AMC, major movie chains, are more than just meme stocks to real estate bond investors


“Nowhere special. I always wanted to go there, ”said Gene Wilder’s character in Mel Brooks’ 1979 parody western“ Blazing Saddles, ”a film NPR credited with“ the gold standard ”for the interracial buddy comedy“ with its exaggerated bumps on racism and Hollywood. “

The thrill of almost leaving somewhere Fleeing home – and extreme heat scorching western states – has deepened as more people in the US are fully vaccinated against COVID. But a cinema? Investors in commercial real estate bonds were not always enthusiastic about the niche buildings even before the outbreak of the pandemic.

“We didn’t like movie theaters in general, even before COVID,” said Dave Goodson, Head of Securitized Investments at Voya Investment Management, adding that the large, box-shaped buildings can be expensive to maintain before even thinking about retrofits might be needed to attract a different type of tenant when a theater chain goes dark.

“Space uncertainty accelerated by COVID,” Goodson told MarketWatch. “It forces us to be more careful.”

Around $ 34 billion in real estate loans have a movie theater operator as the top five tenants when looking at the broader US commercial mortgage loan market of $ 600 billion, according to data provider Trepp.

Trepp estimated that the competitive AMC Entertainment Holdings Inc. AMC,
a popular meme stock, had the largest real estate footprint of 20 operators in the industry at 37%, followed by Regal Cinemas at 22% and Cinemark Holdings Inc. CNK,
at 16%.

Cinema exposure


“At AMC, we ran out of cash five different times in a month or week between April 2020 and January 2021,” said CEO Adam Aron on the company’s first quarter conference call on May 6, emphasizing that AMCMC’s outlook has ” radically improved ”, also because more theaters reopened during the pandemic.

The cash-burning AMC reported that it had raised approximately $ 2.95 billion in fresh capital through equity or bond offers and received approximately $ 1.2 billion in landlord or creditor concessions as part of its earnings report.

AMC’s shares rose 2.5% on Friday, up nearly 3,000 year over year, while the S&P 500 SPX index,
traded about 0.8% lower for the session, but so far 9.2% in 2021. US stock indices DJIA,
most were set to see weekly declines after the Federal Reserve on Wednesday offered a slightly more restrictive policy update that also included benchmark Treasury yields TMUBMUSD10Y,

AMC did not immediately respond to a request for comment on this article.

AMC boss Aron went to Twitter TWTR,
this week to urge shareholders to agree to sell 25 million new shares in about six months.

Aron has built a lively following on social media with the meme stock crowd, but as a former CEO of Starwood Hotels & Resorts, he also has extensive real estate and commercial finance experience.

Wall Street has been a major financier for owners of shopping malls, hotels, office buildings, and other types of commercial property since the late 1990s when the rate of borrowing bundled into bonds accelerated.

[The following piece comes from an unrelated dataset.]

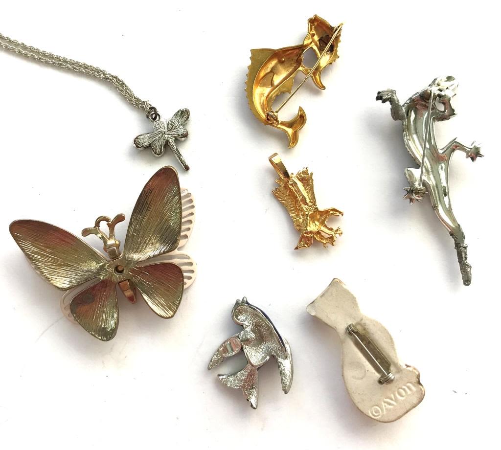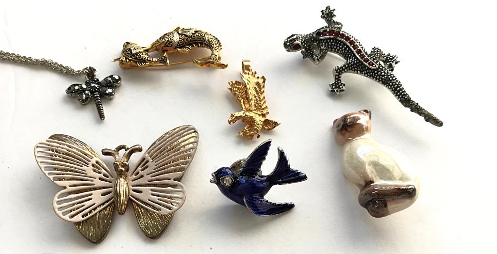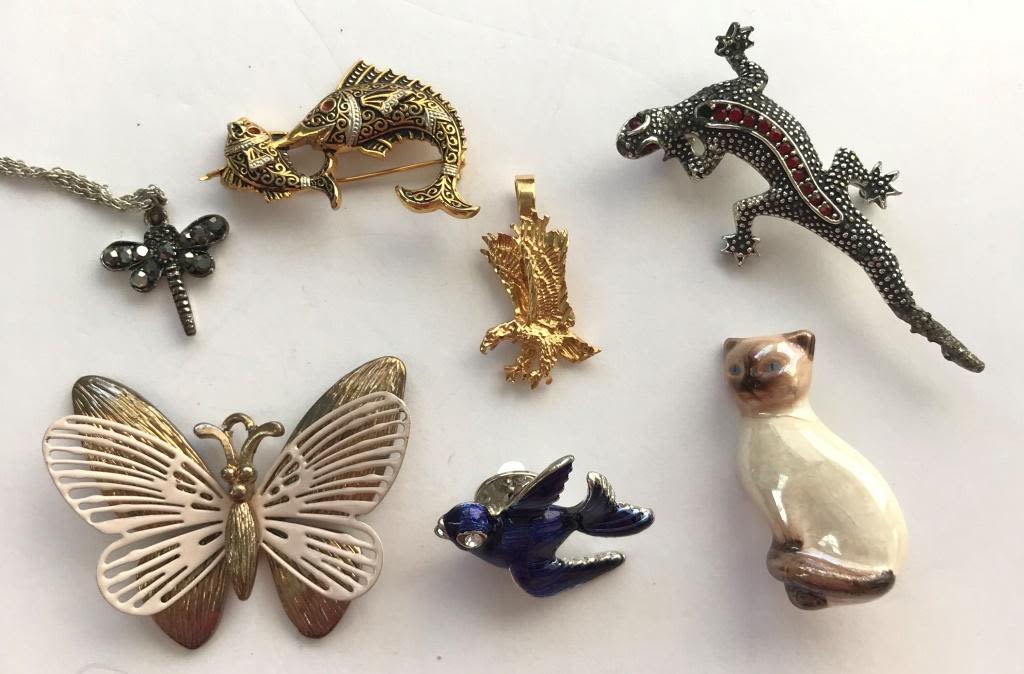 ANIMALS! 6 BROOCH/PINS 1 NECKLACE

A typical commercial mortgage loan deal could reach $ 1 billion and theoretically involve loans for around 70 buildings of various types of property from coast to coast, a feature that can help protect investors from the downturn that hits a particular region or asset class.

For bondholders, that means movie theaters as well, while large tenants on most properties often only serve as part of the tenant mix, including the $ 34 billion in mortgage debt tied to AMC and similar chains, which could be a salvation.

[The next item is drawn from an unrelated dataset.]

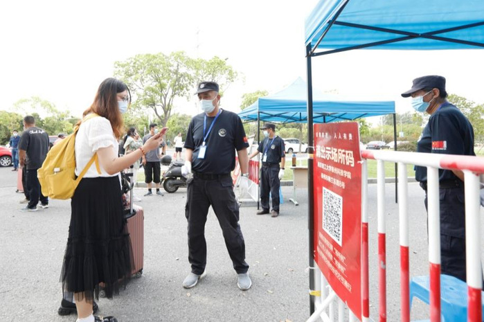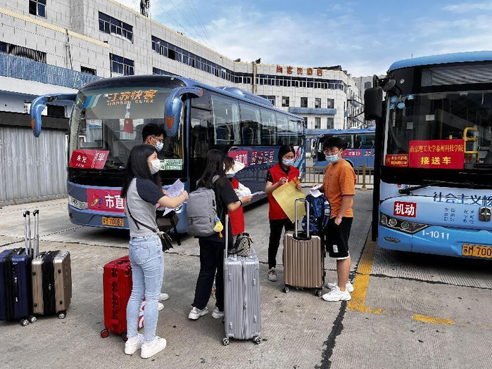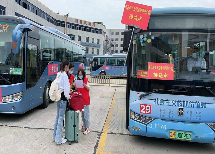 由于泰州正值省运会的特殊时期,为了实现闭环管理,不造成外地员工与泰州市社会面的交叉接触,本次返校,学校共派出了33辆大巴车,组织40余名远航突击队教师志愿者前往飞机场、高铁站、汽车南站,接送来自四面八方的返校员工。

“Not everything is specifically tied to theaters,” said Jen Ripper, mortgage bond investment specialist at Penn Mutual Asset Management. “In any case [bond] Deal would be a theater in the overall picture of a diversified conduit deal. “

Even so, Ripper said it’s worth keeping an eye on cinemas, especially since it is unclear what or how long it will take for seats to be filled at 2019 levels, or if that’s even possible.

“There’s a lot of competition with streaming services,” she said. “But I think people like to go to the movies to have that experience. Star Wars fanatics will likely go to the theater. “

And while empty malls are their own problems for investors, Goodson sees an additional risk in owning real estate debt in malls that include movie theaters.

“We need to recognize that the consumer is still in the midst of a change in the way we consume, be it services or goods or clothing,” he said. “We will generally forecast less recovery if the mall has a theater.”